Their captain thinks differently.
"People are talking about Welsh rugby as if it has completely gone down to the pan (but) it is easily recoverable,'' Sam Warburton said on Wednesday, speaking at the official launch of the northern-hemisphere competition.
"You don't become a bad side overnight, just like you don't become a good one."
"People are talking about Welsh rugby as if it has completely gone down to the pan (but) it is easily recoverable"
Wales captain Sam Warburton
Statistics can be misleading. True, Wales hasn't won a test since capturing a third Grand Slam in eight years in the Six Nations last March, and losing four home games in a row in the autumn internationals - one of them against Samoa - left the team at a low ebb and out of the world's top eight.

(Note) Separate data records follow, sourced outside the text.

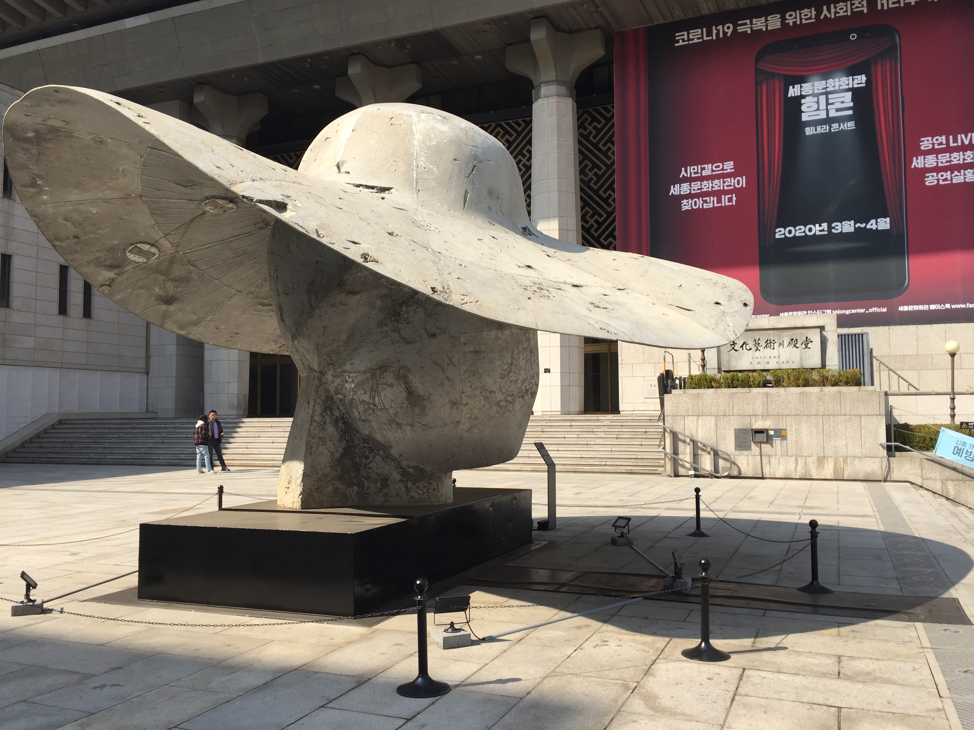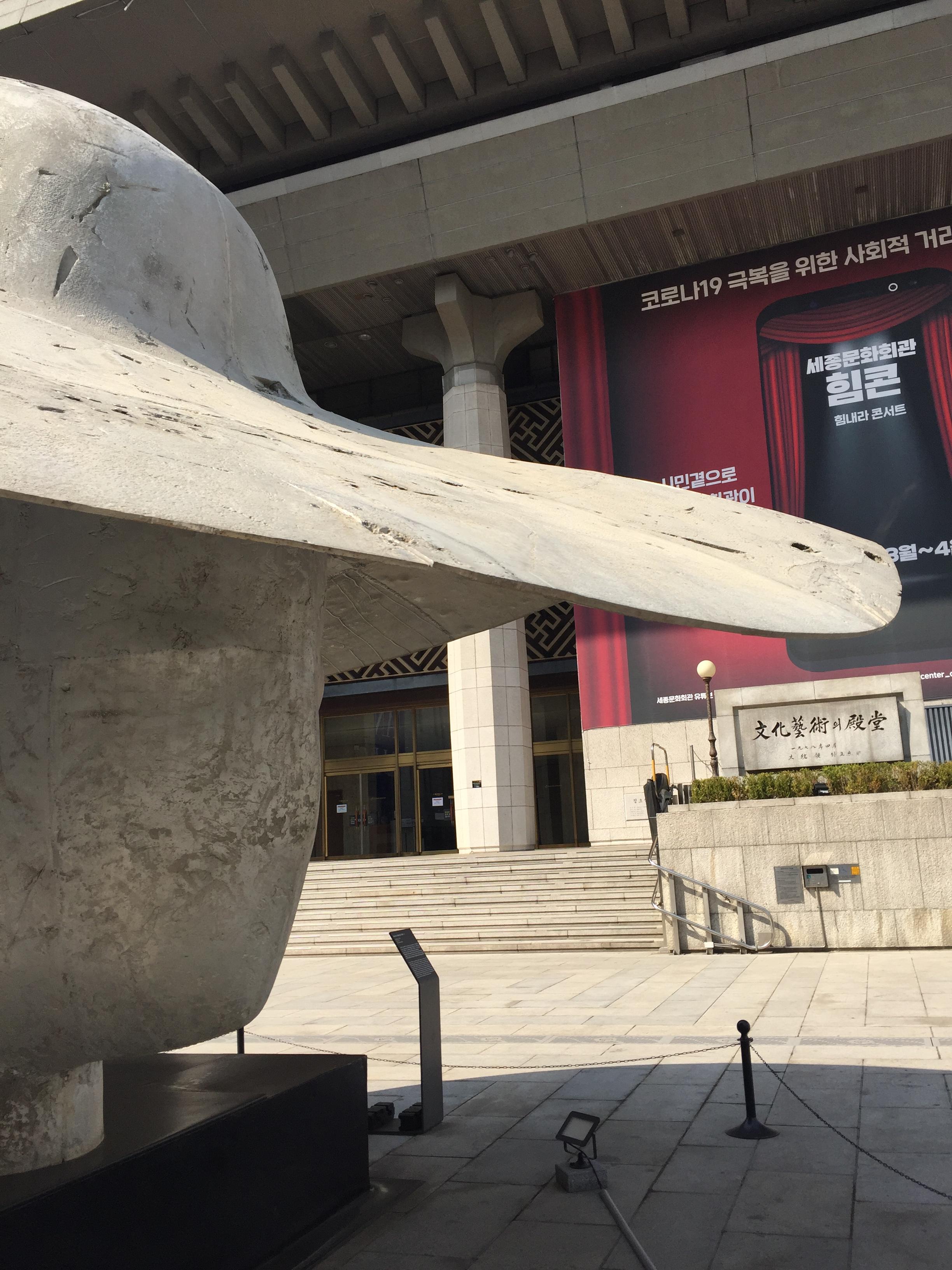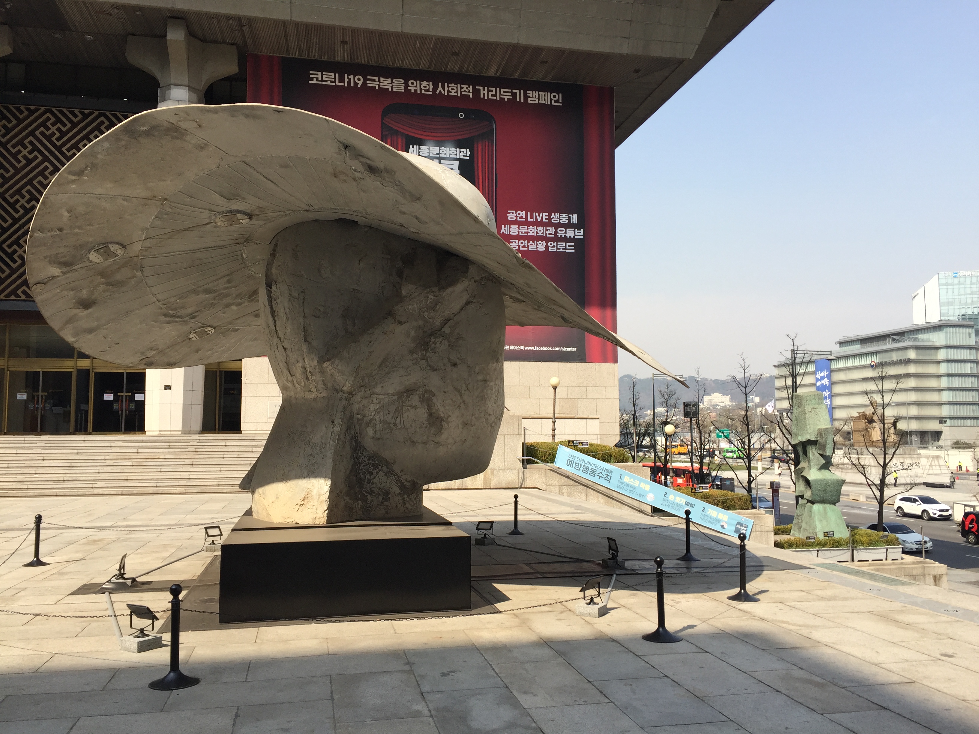 세종문화회관의 중앙계단을 보면 큰 조각상이 보이는데요. 실제로 가까이서 보면 큰 크기에 압도됩니다.
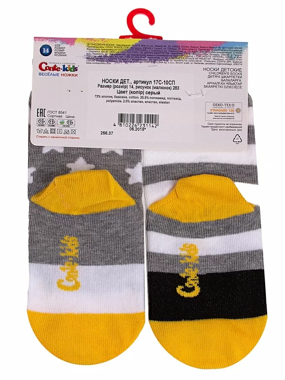 Круглогодичные укороченные детские носки, цвет серый, прикольные, состав: 72% хлопок, 25.5% полиамид, 2.5% эластан, фабричный артикул 17С-10СП. Производитель «Conte, Беларусь» под брендом «Conte».
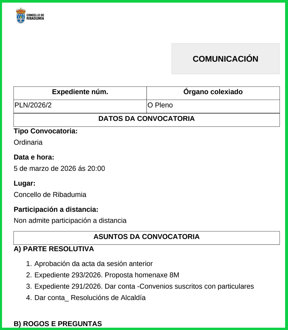 O que non inclúe a convocatoria, cuxo contido decide en exclusiva Alcaldía, que é quen ten a competencia para facelo, é a obrigatoria dación de contas da situación económica do Concello, que leva sen incluírse na Orde do Día dos Plenos dende o pasado mes de maio. Non é unha cuestión menor , pois o ultimo dato publicado no ministerio, de setembro de 2025, sitúa o PMP en 99 días, triplicando o máximo legal establecido.
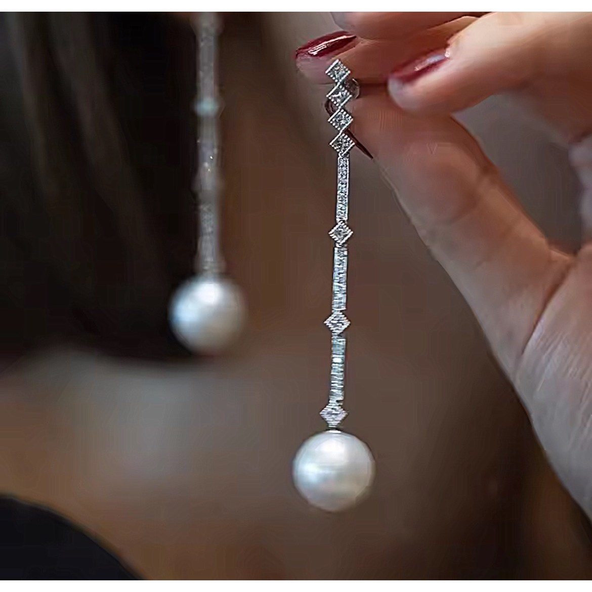 제이혜리 우아한 진주 롱 드롭 귀걸이 큐빅 신부 지르콘 웨딩 럭셔리 파티 시상식 약혼식 한복 대회
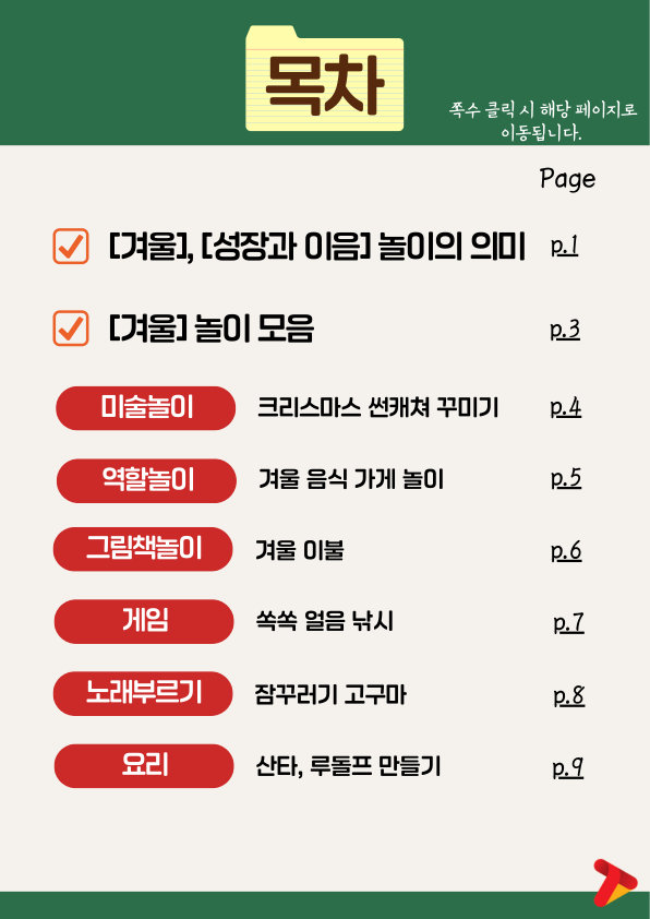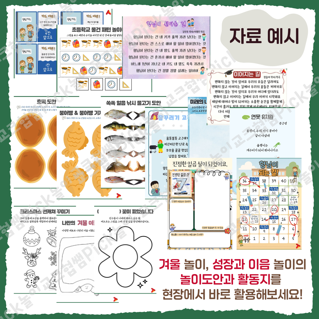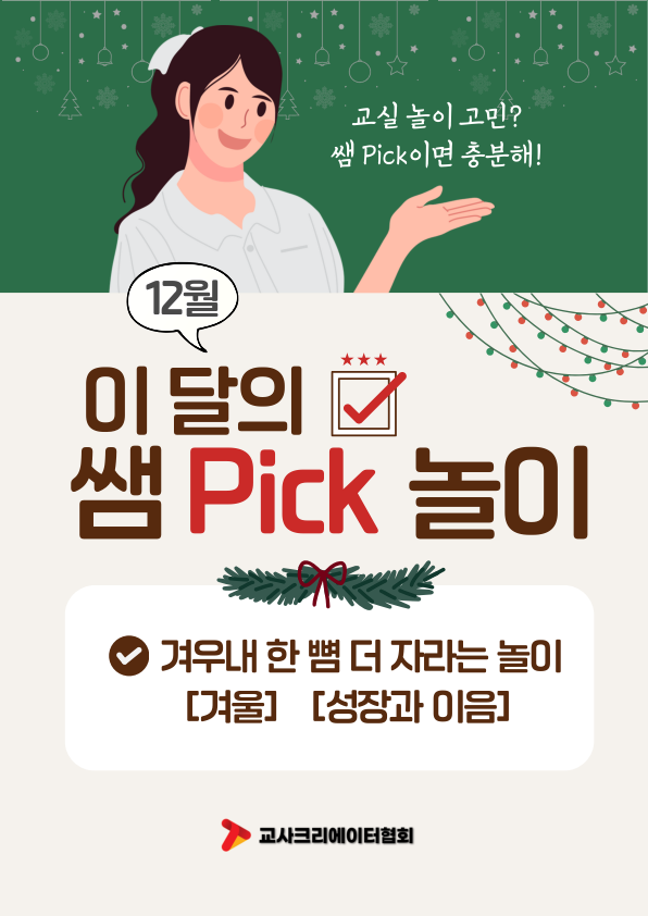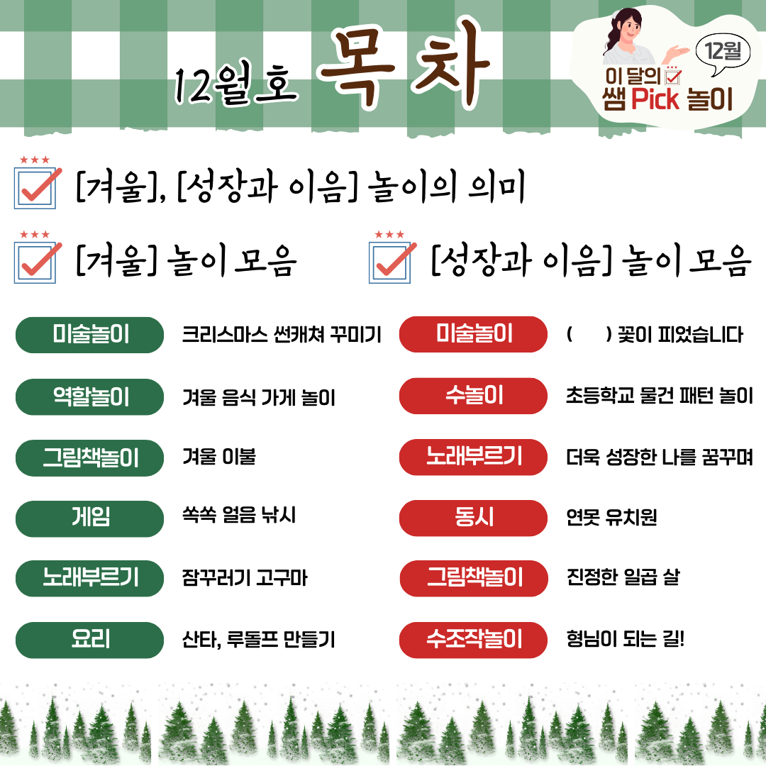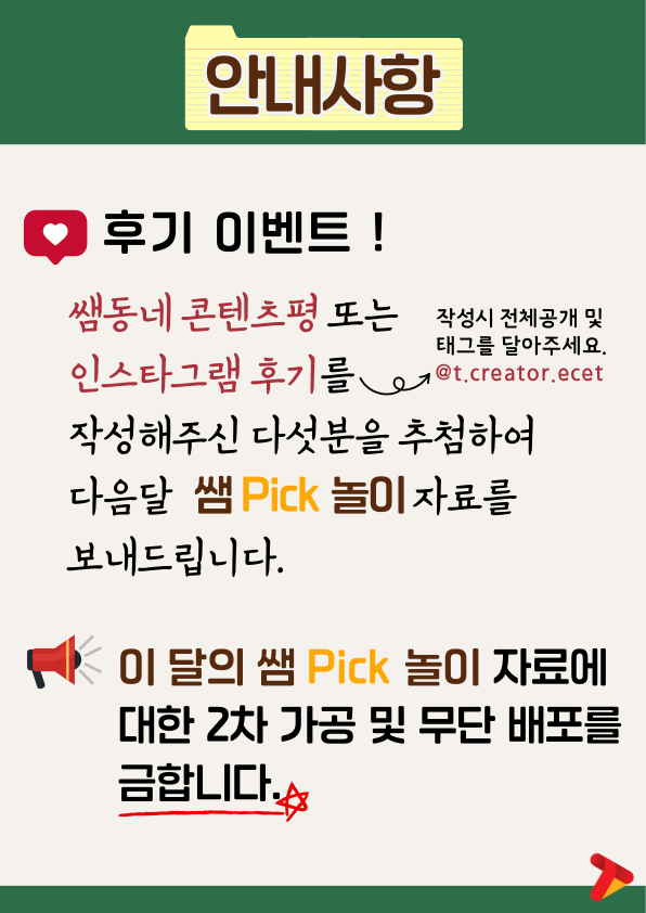 12월의 겨우내 한 뼘 더 자라는 놀이 '겨울'과 '성장과 이음' 놀이자료가 담겨있습니다. 쌤픽놀이는 어린이집과 유치원, 초등 저학년까지 활용 가능합니다. 인스타그램(작성시 전체공개 및 태그입력 @t.creator.ecet) 또는 쌤동네 콘텐츠평을 써주시면 추첨을 통해 다음 호를 무료로 보내드리는 이벤트도 진행중입니다. 많은 참여 부탁드리며, 현장에서 유용하게 활용해보시기 바랍니다.
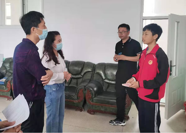 6月17日,在荒地鎮(zhèn)黨委、婦聯(lián)領(lǐng)導(dǎo)的陪同下,遼寧綏四建工集團代表來到荒地鎮(zhèn)中學(xué),牽手六年級品學(xué)兼優(yōu)的貧困學(xué)生岳陽,為他送來2000元助學(xué)金,并表示大學(xué)畢業(yè)前每個學(xué)期他都會準(zhǔn)時收到這筆錢。
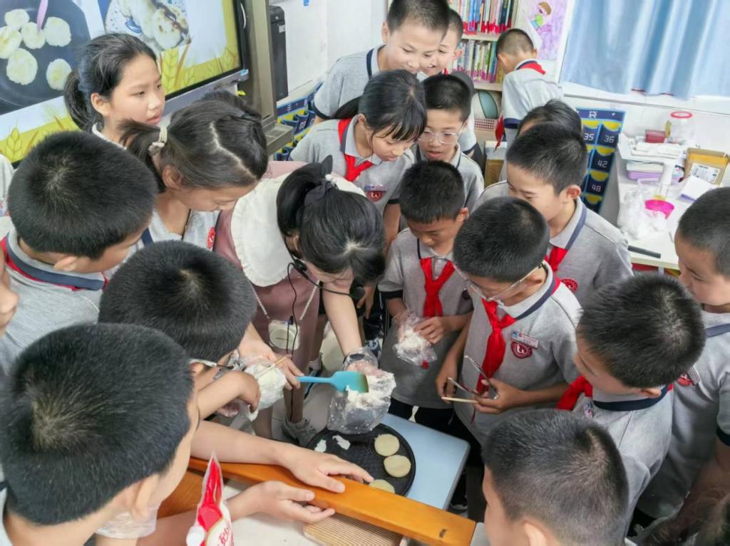 (跨学科学习活动展示课《有多少浪费本可避免》的课程现场,教师正在将学生制作的食物放入锅中煎制)
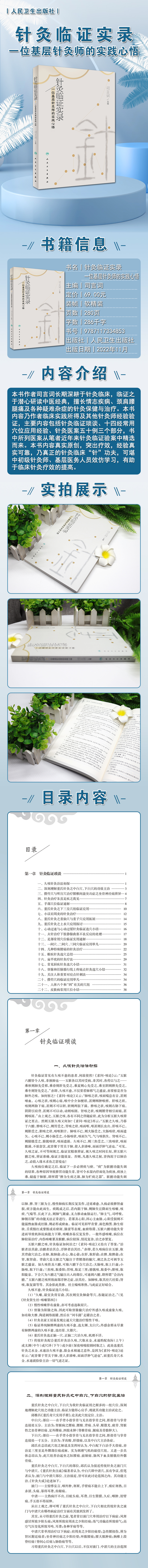 本书作者司言词长期深耕于针灸临床,临证之于潜心研读中医经典,擅长情志疾病、颈肩腰腿痛及各种疑难杂症的针灸保健与治疗。本书内容乃作者临床实践所得及其他针灸师经验验证,主要内容包括针灸临证琐谈、十四经常用穴位应用经验、针灸医案五十例三个部分,书中所列医案从笔者近年来针灸临证验案中精选而来。本书内容真实原创,突出疗效,经验真实可靠,乃真正的针灸临床“针”功夫,可堪中初级针灸师、基层医务人员效仿学习,有助于临床针灸疗效的提高。
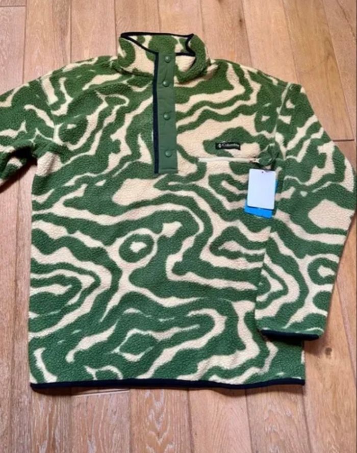 🧥 Polaire Columbia Helvetia – Vert / Beige Superbe polaire Columbia au look outdoor et décontracté, idéale pour affronter l’hiver comme la mi-saison ❄️🍂 Très agréable à porter, chaude sans être lourde, parfaite au quotidien ou pour les sorties nature. ✨ Infos produit : • 📏 Taille : M • 🆕 État : Neuve, jamais portée • 🎨 Coloris : Vert & Beige • 🧸 Matière : Polaire douce et confortable • 🔘 Fermeture par boutons-pression • 📦 Existe aussi en taille S, neuve également (me demander si besoin) 🚀 Envoi rapide et bien protégé 💬 Dispo pour toute question ou photo supplémentaire
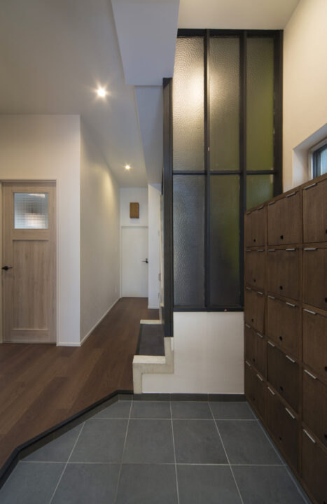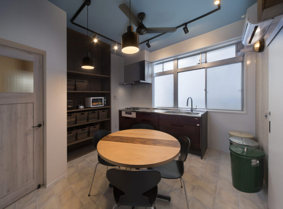 木の温もりと落ち着いた色調がやさしく溶け合うダイニングキッチン。天井のアクセントカラーと照明が明るい空間に演出してくれる
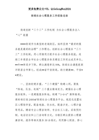 【七哥公文】2025年:街道社会心理服务工作经验总结+更多免费公文+VX:QiGeGongWen2024+更多免费公文+VX:QiGeGongWen2024
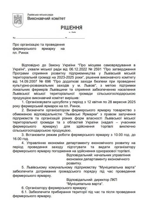 Сьогодні, 11 квітня, виконавчий комітет Львівської міської ради прийняв рішення про організацію та проведення фермерського ярмарку на Площі Ринок.
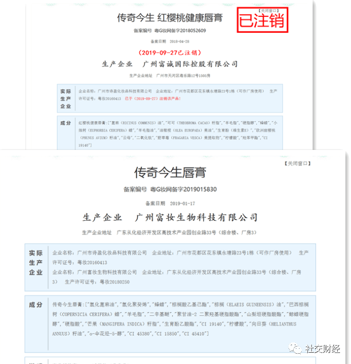 社交财经在“国产非特殊用途化妆品报备服务平台”发现“传奇今生 红樱桃健康唇膏”于2019年9月27日注销,取而代之的是广州富妆生物科技有限公司的“传奇今生唇膏”。
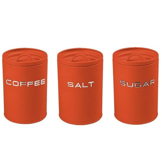 Set treh kovinskih doz oz. posod je primeren za shranjevanje soli, sladkorja in kave. Oranžna barva zagotavlja topel videz, ki se lepo ujema s številnimi kuhinjskimi dekorji. Poudarek na minimalističnem dizajnu pa poudarja preprostost in eleganco, ki se prilega tako sodobnim kot tudi klasičnim kuhinjam. Kromiran napis »Sugar«, »Salt« in »Coffee« na sprednji strani posode je jasen in estetsko oblikovan, kar omogoča enostavno identifikacijo njene vsebine in obenem dopolnjuje celoten videz. Doza je izdelana iz trpežnega kovinskega materiala, ki ohranja vsebino svežo in jo zaščiti pred zunanjimi vplivi, kot so vlaga in zrak. Doze niso primerne za pomivanje v pomivalnem stroju. NAMIG: Dopolnite jih z ostalimi posodami za shranjevanje iz iste linije.
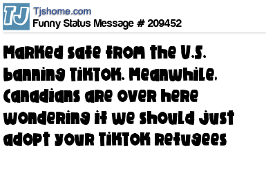 X says Marked safe from the U.S. banning TikTok. Meanwhile, Canadians are over here wondering if we should just adopt your TikTok refugees

However, four of those seven defeats came against Australia with a combined losing margin of 13 points and the Welsh were more than a match for world champion New Zealand for 50 minutes of the 33-10 loss in November.
England and France may be seen as the stand-out teams going into the latest installment of the Six Nations but Wales has a habit of saving their best for the tournament.
"If you look at the last few years, they have probably been the most successful team in this tournament and throughout that period their autumn results haven't been great," interim Scotland coach Scott Johnson said.
"So I wouldn't read too much into it. They have an amazing ability to peak when they need to. They have quality players. If they get their best players on the pitch they are a very good side."
That, though, has been the problem for the Welsh in recent matches.
A raft of leading players were missing in the autumn and the list of absentees carries over into 2013, with locks Bradley Davies, Luke Charteris and Alun-Wyn Jones potentially missing the entire Six Nations and a potential second-row combination of Ian Evans and Ryan Jones also carrying injuries.
Flanker Dan Lydiate - the player of the 2012 Six Nations - is battling to be fit for the end of the tournament.
With Warren Gatland on British and Irish Lions duty until the tour of Australia starting June, backs coach Rob Howley has taken over again as interim coach for the Six Nations and will have full control over selection.
"He (Gatland) won't be involved," Howley said.
"There has to be clarity in terms of the Lions. Warren is on Lions duty. He is coming to watch Wales against Ireland as head coach of the British and Irish Lions."
Warburton has been talked up as a potential Lions captain for the Australia tour and leading his country to a successful Six Nations defence will do his chances no harm.
"Players know, if they are being honest, that the Six Nations is going to be a shop window for the Lions," Warburton said.
"But from a Welsh perspective we've had seven games when the results haven't gone our way, and everyone's focus is to make sure we get back to winning ways."
Wales' first game of the Six Nations is at home to Ireland on February 2.